■ Raw data
* * *

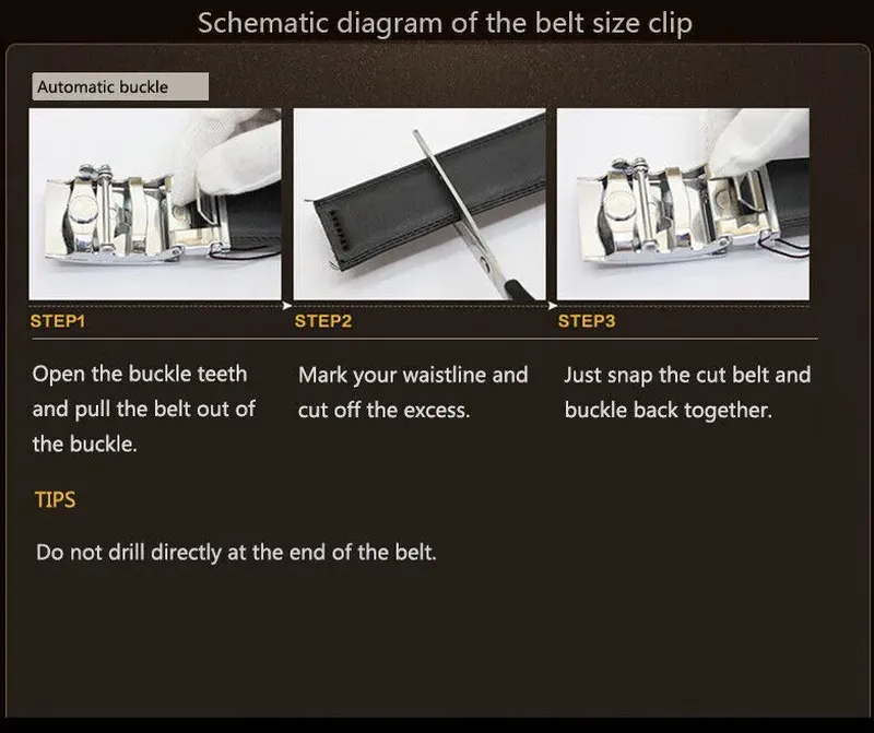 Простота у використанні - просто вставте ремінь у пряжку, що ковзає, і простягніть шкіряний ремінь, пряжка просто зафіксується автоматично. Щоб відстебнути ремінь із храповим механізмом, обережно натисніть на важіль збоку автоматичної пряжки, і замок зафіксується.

* * *

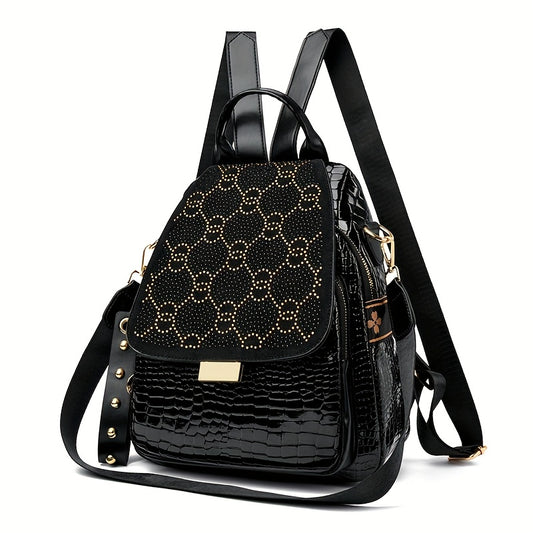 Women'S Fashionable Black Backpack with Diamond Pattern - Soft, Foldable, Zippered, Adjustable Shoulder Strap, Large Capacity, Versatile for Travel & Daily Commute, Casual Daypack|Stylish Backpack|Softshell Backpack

* * *

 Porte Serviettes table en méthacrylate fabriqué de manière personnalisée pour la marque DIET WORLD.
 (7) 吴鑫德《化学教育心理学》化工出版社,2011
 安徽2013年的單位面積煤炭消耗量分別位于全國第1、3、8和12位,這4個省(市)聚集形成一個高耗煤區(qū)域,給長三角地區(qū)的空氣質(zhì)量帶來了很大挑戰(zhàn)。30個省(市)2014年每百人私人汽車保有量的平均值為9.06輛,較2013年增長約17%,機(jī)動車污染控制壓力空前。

* * *

■ Work to be completed
One stretch of the lines above is wanted, from the line that contains "Porte Serviettes table" through the line that contains "安徽2013年的單位面積煤炭". Output it exactly.

■ Problem solution
 Porte Serviettes table en méthacrylate fabriqué de manière personnalisée pour la marque DIET WORLD.
 (7) 吴鑫德《化学教育心理学》化工出版社,2011
 安徽2013年的單位面積煤炭消耗量分別位于全國第1、3、8和12位,這4個省(市)聚集形成一個高耗煤區(qū)域,給長三角地區(qū)的空氣質(zhì)量帶來了很大挑戰(zhàn)。30個省(市)2014年每百人私人汽車保有量的平均值為9.06輛,較2013年增長約17%,機(jī)動車污染控制壓力空前。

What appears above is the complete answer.